Alternative Temperature Tools

HWiNFO is the most complete free tool, but these alternatives are worth knowing about:

  • LibreHardwareMonitor — open-source fork of OpenHardwareMonitor. Clean tree view, supports most recent hardware.
  • Core Temp — lightweight, CPU-focused. Good if you only care about CPU cores and want a tiny app.
  • HWMonitor (CPUID) — another free option with similar sensor coverage to HWiNFO.
  • Ryzen Master — AMD’s official tool for Ryzen CPUs. Shows Tctl and per-CCD temperatures alongside PBO tuning.
  • Intel XTU — Intel’s equivalent. Temperature readouts plus undervolt controls on unlocked CPUs.

If you’re also worried about drive temperatures (which can cause storage performance to drop), see my guide on how to check hard drive and SSD temperature on Windows.


Frequently Asked Questions

What is a safe CPU temperature under load?

Below 85 °C for sustained workloads, with brief spikes to 90 °C acceptable. Modern Intel and AMD CPUs throttle around 100 °C to protect themselves, but running near that limit shortens the chip’s lifespan and causes frame drops in games. If your CPU sits above 85 °C while gaming, your cooling needs attention.

Can I check CPU temperature without installing software?

Not on Windows. Some motherboard BIOS screens show a CPU temperature at boot, but that only reflects idle temps before Windows loads. For real-time monitoring while you use the PC, you need a third-party tool like HWiNFO, LibreHardwareMonitor, or Core Temp. Windows has no built-in CPU temperature readout.

Does overheating damage the CPU?

Brief spikes at 95–100 °C won’t damage a modern CPU — they’ll trigger thermal throttling, which drops the clock speed until temperatures recover. Sustained high temperatures over weeks or months can cause electromigration, which gradually degrades the chip.
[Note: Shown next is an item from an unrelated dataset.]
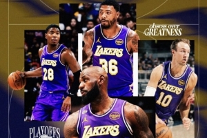 值得一提的是,在這張湖人官方活動(dòng)宣傳海報(bào)中亮相的四位球員為詹姆斯、斯瑪特、八村塁、肯納德,并無兩位傷員東契奇和里夫斯的身影。

More immediately, overheating causes performance loss (throttling), random crashes, and shorter fan and VRM lifespan.

Why is one core hotter than the others?

On Intel CPUs, the hottest core is usually the one boosted highest by Turbo Boost — different cores reach different peak clocks depending on silicon quality. A spread of 5–15 °C between cores is normal. A spread of 20 °C or more points at uneven cooler contact; reseating the cooler with fresh thermal paste usually flattens the spread.

Does cleaning my PC reduce CPU temperature?
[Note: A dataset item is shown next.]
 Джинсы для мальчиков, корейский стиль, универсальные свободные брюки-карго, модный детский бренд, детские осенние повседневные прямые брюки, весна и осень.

Yes, often dramatically. Dust builds up on cooler fins, case filters, and fan blades, restricting airflow and insulating the heatsink. In my shop I regularly see 15–20 °C drops after a thorough clean on PCs that haven’t been opened in years. Use compressed air with the PC unplugged, and blow through the cooler fins in both directions.
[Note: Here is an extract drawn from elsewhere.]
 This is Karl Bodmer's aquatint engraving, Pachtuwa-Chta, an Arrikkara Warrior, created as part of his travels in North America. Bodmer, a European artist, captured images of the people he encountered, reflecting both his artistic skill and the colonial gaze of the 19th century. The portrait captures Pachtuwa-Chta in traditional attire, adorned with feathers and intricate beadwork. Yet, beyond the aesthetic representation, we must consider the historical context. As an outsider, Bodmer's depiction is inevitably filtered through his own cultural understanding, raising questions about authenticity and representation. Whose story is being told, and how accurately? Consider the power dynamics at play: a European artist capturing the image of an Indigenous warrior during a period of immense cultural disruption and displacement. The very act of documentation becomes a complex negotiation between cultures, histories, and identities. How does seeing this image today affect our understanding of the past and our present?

Should I keep HWiNFO running in the background all the time?

Only if you’re actively troubleshooting. For continuous monitoring, HWiNFO can minimise to the system tray or output selected sensors to a small gadget window. For casual use, launch it when you want to check temperatures and close it afterwards — there’s no benefit to leaving it running 24/7 on a healthy PC.